The bottoms seem to fit great when I first put them on, they are long enough (I am 5’7″ and my inseam is 31″) and they don’t sit too low at the back or front either – in fact they come high enough that you feel you can comfortably tuck the top into them which I personally really enjoy on a blustery winter day – no gaps of exposed skin please! The same as the top the bottoms have just the right amount of a ‘hugging’ fit so that you feel they are a true base layer and sit right next to the skin but are not too tight. For my body shape I find this is not always as easy as it sounds. Having an athletic start by playing soccer for 15 years I have pretty meaty quads – disproportionate to my waist, so I often find pants to be either too tight in the legs or too baggy in the waist. Perhaps this good fit can be attributed to the Elastane Arcteryx use in this fabric.
One thing I found when I actually started moving in the bottoms though, mostly within the first 1km of the skin track is that somehow the waistband of the bottoms rides down in the back and does end up leaving me with that unwanted cold gap of skin – which is disappointing and also surprising given how well they seem to fit when I put them on at home in the morning. This is particularly annoying skiing as I wear the Arcteryx Theta SV bib shell pants and digging out my long-johns to pull them up is not a task that you can do subtly or even very effectively on the hill!
Apart from the pants riding down which is pretty annoying the overall good fit means the base layers feel really comfortable to wear. I took them both on a 4 day back-country ski trip and I felt just as happy sitting around the lodge in the evening drinking a beer in the nice merino top as I did wearing them both as technical pieces out on the mountain. The merino wool feels really nice and soft and the Elastane helps to move with your body.

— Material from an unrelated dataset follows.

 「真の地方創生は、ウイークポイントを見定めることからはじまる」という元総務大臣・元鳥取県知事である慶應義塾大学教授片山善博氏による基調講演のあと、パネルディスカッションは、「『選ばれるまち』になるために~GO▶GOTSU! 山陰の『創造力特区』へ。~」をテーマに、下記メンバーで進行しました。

Neck zipper:_I don’t own many base layers with a zip neck collar, typically I prefer the simpler the better, but in this case I like the half zip and collar on the Satoro. Its not noticeable at all when its up (i.e. the zipper doesn’t catch my skin or anything) and the extra material on the neck makes it a little warmer for playing out in winter but allows effective cooling when you get too hot.
Arm pocket:_Again usually I wouldn’t be sold on something like this and I haven’t yet had much reason to use it, I guess I haven’t worn it as the outermost layer yet so it doesn’t make it so handy to get to. Perhaps when it comes around to climbing season and I can wear it in the mountains or on a multi-pitch it would be handy for keeping my car key or a chap-stick in, but the main thing is that the pocket isn’t annoying and doesn’t add any bulk. On a totally aesthetic level I really like the excuse it gives to highlight the accent color!

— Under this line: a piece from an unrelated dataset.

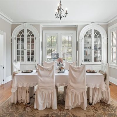 Built-in Features, Crown Molding, Eating Space In Kitchen, High Ceilings, Stone Counters, Thermostat, Vaulted Ceiling(s), Walk-In Closet(s), Window Treatments

Seams:_Arc’teryx uses what they call a ‘Merrow’ stitch which keeps the seams smaller and narrower. This is something I wouldn’t have noticed until it was pointed out to me, but the fact that I don’t notice these things means they are not catching my attention in a bad way, they are not scratchy or annoying which is a real testament to Arc’teryx’s time honored attention to detail. Even just looking at the stitching it looks like a quality product.
Logos:_I really appreciate when a product has the company logo placed in a position where it has been well thought out. For some reason I really like the use of the subtle logo on the back of the pants on the waistband, its considerate and although a small, purely aesthetic detail, it exudes quality to me.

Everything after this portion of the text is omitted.